4th Deputy Prime Minister of Suriname
- In office 20 November 1969 – 24 December 1973
- Prime Minister: Jules Sedney
- Preceded by: Johan Kraag
- Succeeded by: Olton van Genderen

Minister of Finance
- In office 20 November 1969 – 24 December 1973
- Prime Minister: Jules Sedney
- Preceded by: Edgar Wijngaarde [nl]
- Succeeded by: Henck Arron

Minister of Agriculture, Livestock and Fisheries
- In office 30 June 1963 – 15 March 1967
- Prime Minister: Johan Adolf Pengel
- Preceded by: Sewraam Rambaran Mishre
- Succeeded by: R.L. Jankie [nl]

Personal details
- Born: Harry Sharuh Radhakishun 25 July 1921 Paramaribo, Suriname
- Died: 3 January 1983 (aged 61) Amsterdam, The Netherlands
- Party: VHP
- Spouse: Stephane (Fanny) Radhakishun-van Bruggen

= Harry Radhakishun =

Surinamese politician

Harry Sharuh Radhakishun (25 July 1921 – 3 January 1983) was a Surinamese businessman and politician. He served as Deputy Prime Minister of Suriname and Minister of Finance from 1969 to 1973, and as Minister of Agriculture, Livestock and Fisheries from 1963 to 1967.

==Early life==
Radhakishun was born in Paramaribo in 1921. He studied at the Hendrikschool (Mulo), and also attended law classes taught by Julius Caesar de Miranda.
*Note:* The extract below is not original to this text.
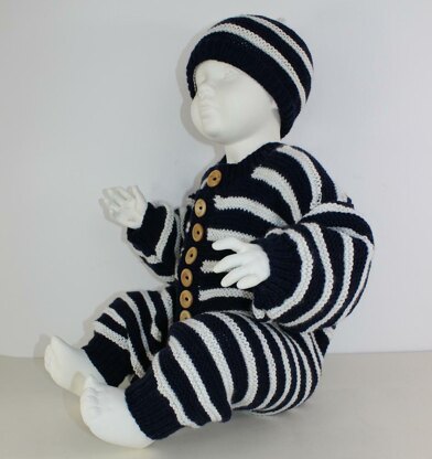This is my Baby Stripe Outdoors Onesie and Beanie knitting pattern. This fabulous outfit is easy to make yet looks stunning. Its worked flat on 4mm needles in any dk (8ply) yarn of your choice. The knitting pattern provides full instructions for 5 baby sizes XS (0-3 months), S (3-6 months), M (6-9 months), L (9-12 months) & XL (12-18 months) and there are lots of step by step photos to help you throughout.

He took part for a few years in the correspondence course for accountancy and commercial sciences offered by the La Salle Extension University in Chicago.

==Publisher==
Together with his wife Fanny and close friend Lou Lichtveld, Radhakishun established the publishing house Radhakishun & Co. in Paramaribo in 1952.

==Politics==
Radhakishun was a founding member of the VHP. He was a member of the Estates of Suriname (national legislature) from 1951 to 1963 and from 1967 to 1969.

==Death==
Radhakishun died in Amsterdam in January 1983 at the age of 61.

==Honours==
- The Netherlands: Knight (Ridder), Order of the Netherlands Lion
- The Netherlands: Officer (Officier), then Commander (Commandeur), Order of Orange-Nassau
- Panama: Grand Cross (Gran Cruz), Order of Vasco Núñez de Balboa (1965)
- Colombia: Grand Cross (Gran Cruz), Order of San Carlos (1967)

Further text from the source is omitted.